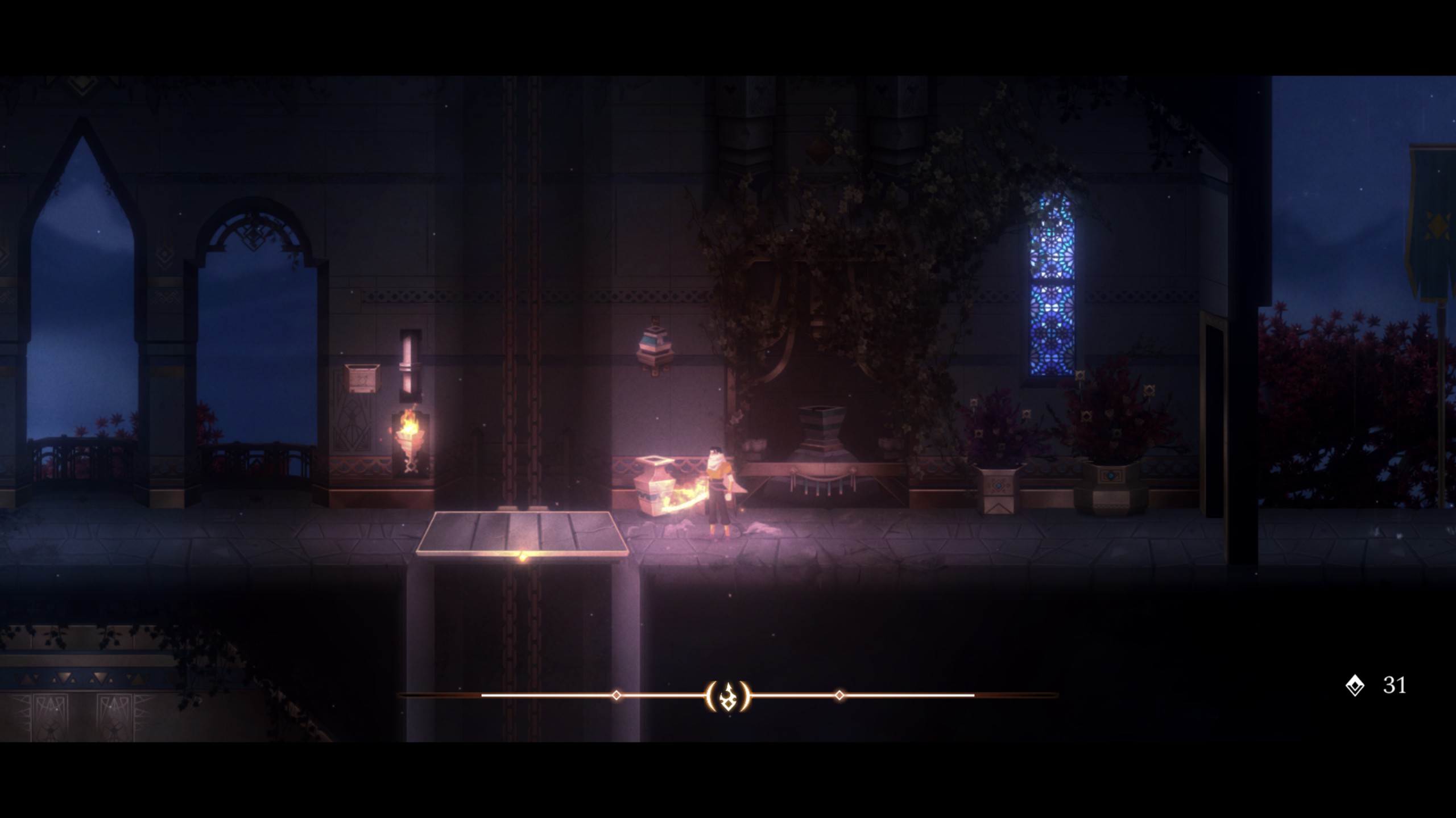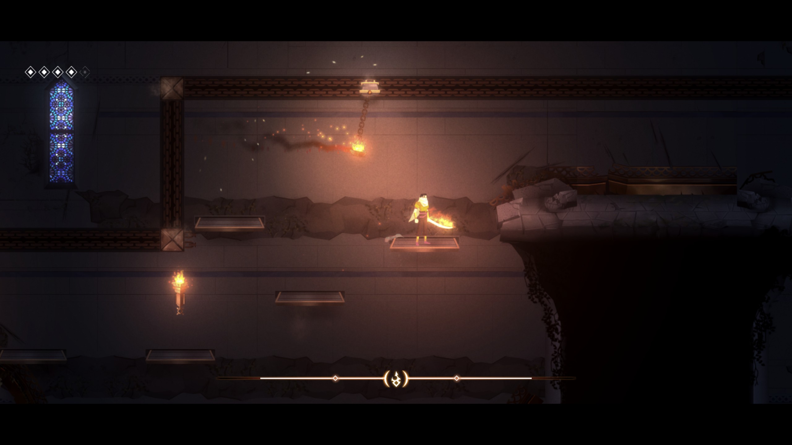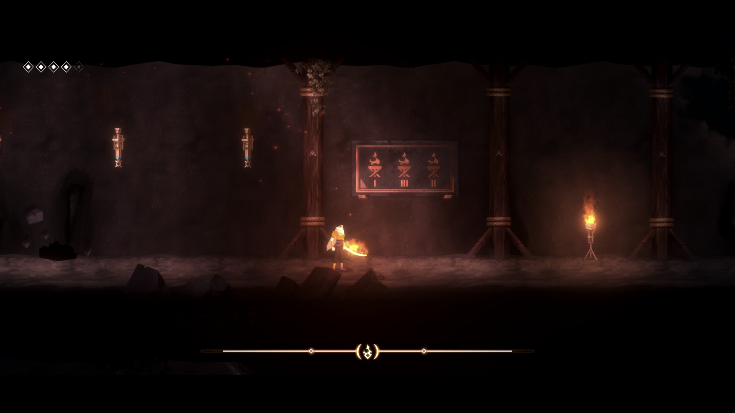 Tama se može pobijediti ili rastjerati samo vatrom, pa je sreća što Ardeshir ima mač prožet plamenom. Točnije, mač je magičan, a možete ga zapaliti tako što ćete dotaknuti baklju. Baklje se nalaze preko cijele jedne razine, neke će već biti zapaljene, dok ćete druge vi morati zapaliti. Paljenje baklji omogućuje vam da otključate neku skrivenu sobu, pokrenete mehanizme koje vas nose gore ili dolje, jače udarate neprijatelje ili onemogućite tami da vas prožme. Mač nije njegovo jedino oružje, budući da ćemo tijekom igranja otključati i nož kojeg ćemo moći bacati na neprijatelje, s kojim ćemo također moći zapaliti baklje ili uništiti vaze koje nam daju određene novčiće za nadogradnju naših sposobnosti. Kad skupimo određenu količinu novčića, moći ćemo ojačati našeg junaka, pa ćemo tako imati veću energiju, mogućnost da vatra traje duže ili da otključamo neke posebne vještine.
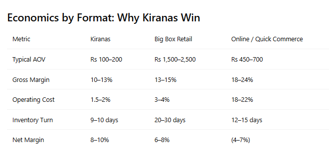 Kiranas remain viable at low AOVs because their cost structures are fundamentally different. Owned or low-rent premises, family-run staffing models, negligible marketing expenses, and minimal logistics costs allow them to operate profitably where others cannot. Rapid inventory cycles, with stock turning every 9–10 days, further improve cash flow and reduce working capital stress.
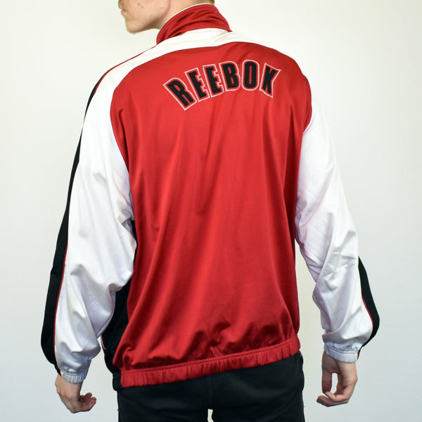 Vintage Reebok tracksuit track jacket fleece windbreaker in red, white and black. Unisex. Same/Next day UK postage, instant buy is on! Very good condition. Has a logo on the front and a big spellout on the back. Size M/L best fitting. Model is 181cm/5ft11. Please message with any questions 👌
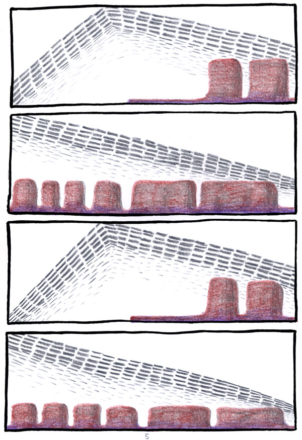 Je donnais un atelier de médiation culturelle dans le cadre de ma résidence à Angoulême. J'avais juste une étudiante, mais elle était motivée. On a fait une BD abstraite sur le Confutatis du Requiem de Mozart.
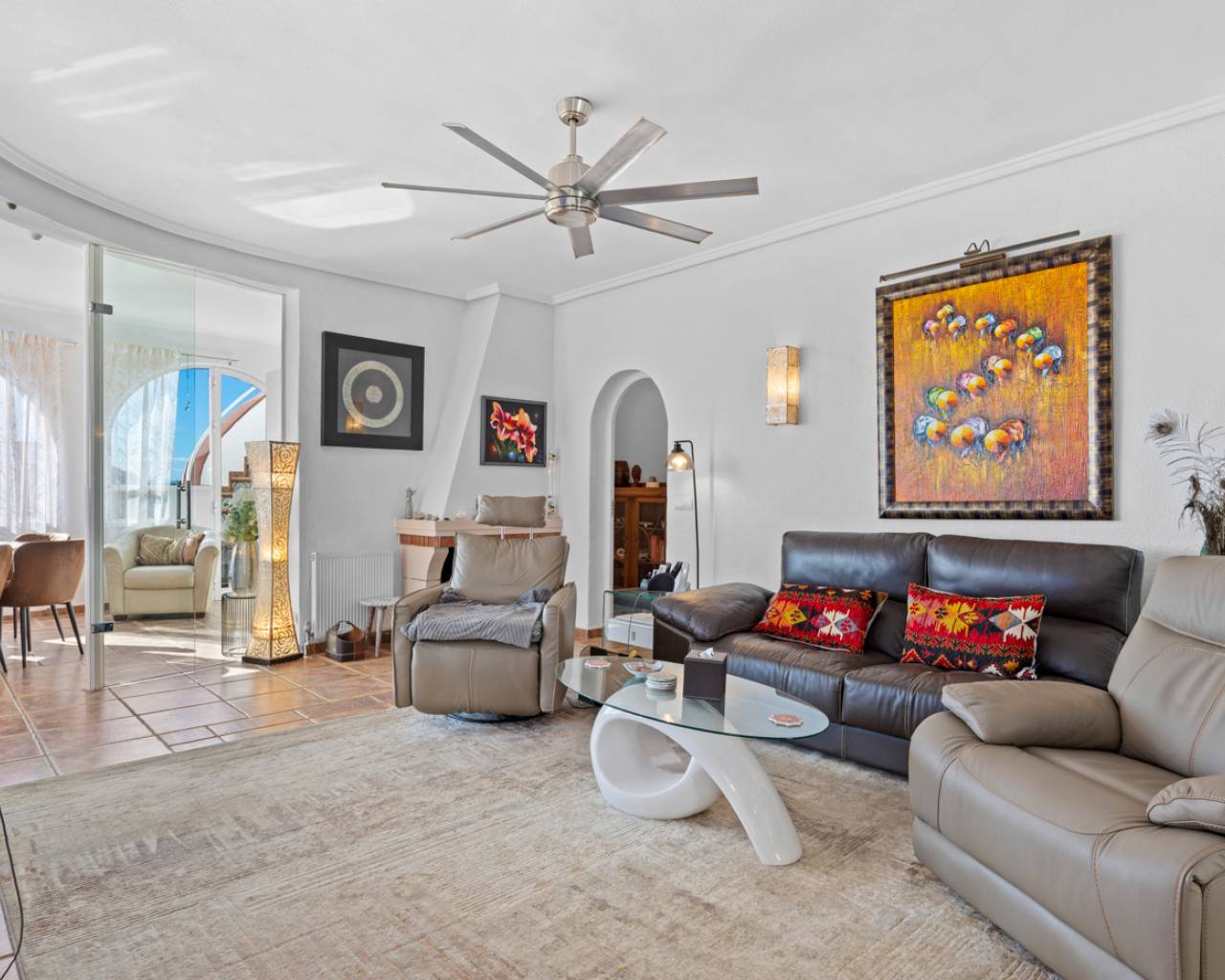 Built in 1990 and presented in excellent condition, this stunning 4-bedroom, 3-bathroom villa offers 200m² of beautifully maintained living space on a 520m² plot. Perfectly positioned south-facing, the home enjoys sunshine all day and panoramic views of the surrounding area — just 10 minutes from the beach and close to golf, shops, and restaurants.
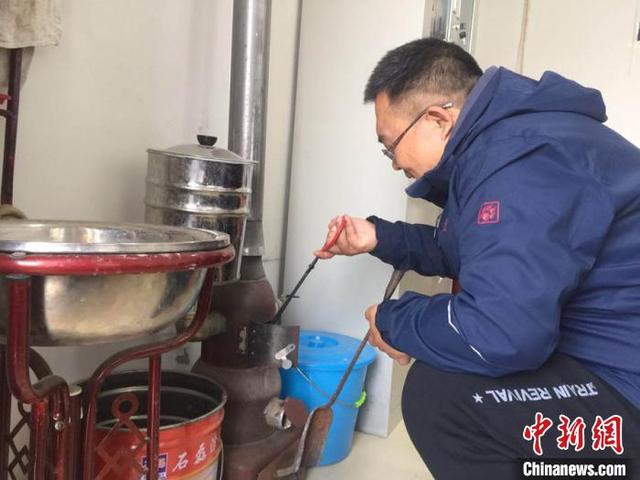 清晨的黄土塬,秋风瑟瑟。甘肃庆阳市镇原县太平镇彭阳村部,王峰手持炉铲给小火炉加了几块煤,他拍了拍手上的炉灰对中新网记者说,“塬上风大,晚上小火炉很管用。”
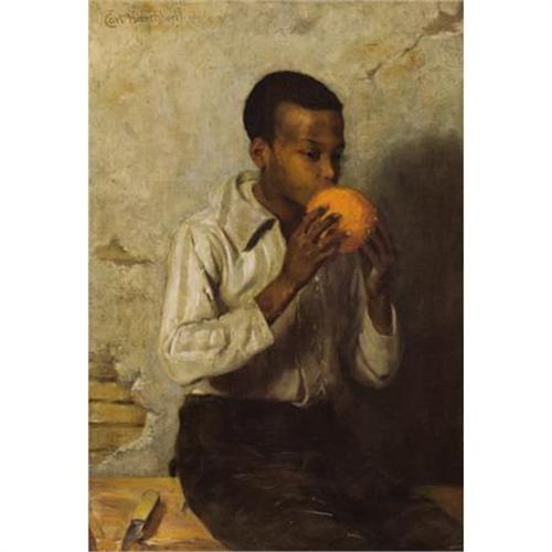 <B>CARL HIRSCHBERG (American, 1854-1923)</B></I><BR><I>The Orange</B></I>, 1891<BR>Oil on canvas<BR>22 x 15 inches (55.9 x 38.1 cm)<BR>Signed and dated upper left: <I>Carl Hirschberg 1891</B></I><BR>Titled, signed, and dated verso on the top stretcher: <I>The Orange / By Carl Hirschberg 1891</B></I>
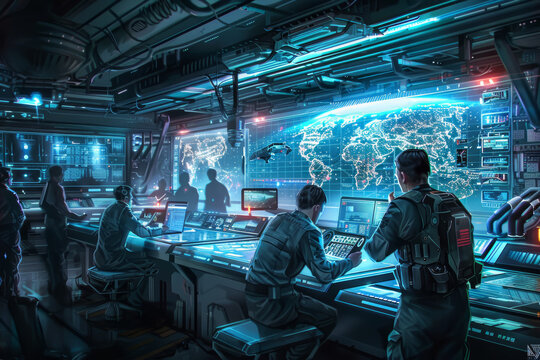 Futuristic Command Center with World Map
--------------------
PROBLEM — Reproduce, exactly and without pictures, the lines above from the one containing "清晨的黄土塬,秋风瑟瑟。甘肃" through the last line of the material, both ends included, and nothing more.

ANSWER SECTION —
 清晨的黄土塬,秋风瑟瑟。甘肃庆阳市镇原县太平镇彭阳村部,王峰手持炉铲给小火炉加了几块煤,他拍了拍手上的炉灰对中新网记者说,“塬上风大,晚上小火炉很管用。”
 <B>CARL HIRSCHBERG (American, 1854-1923)</B></I><BR><I>The Orange</B></I>, 1891<BR>Oil on canvas<BR>22 x 15 inches (55.9 x 38.1 cm)<BR>Signed and dated upper left: <I>Carl Hirschberg 1891</B></I><BR>Titled, signed, and dated verso on the top stretcher: <I>The Orange / By Carl Hirschberg 1891</B></I>
 Futuristic Command Center with World Map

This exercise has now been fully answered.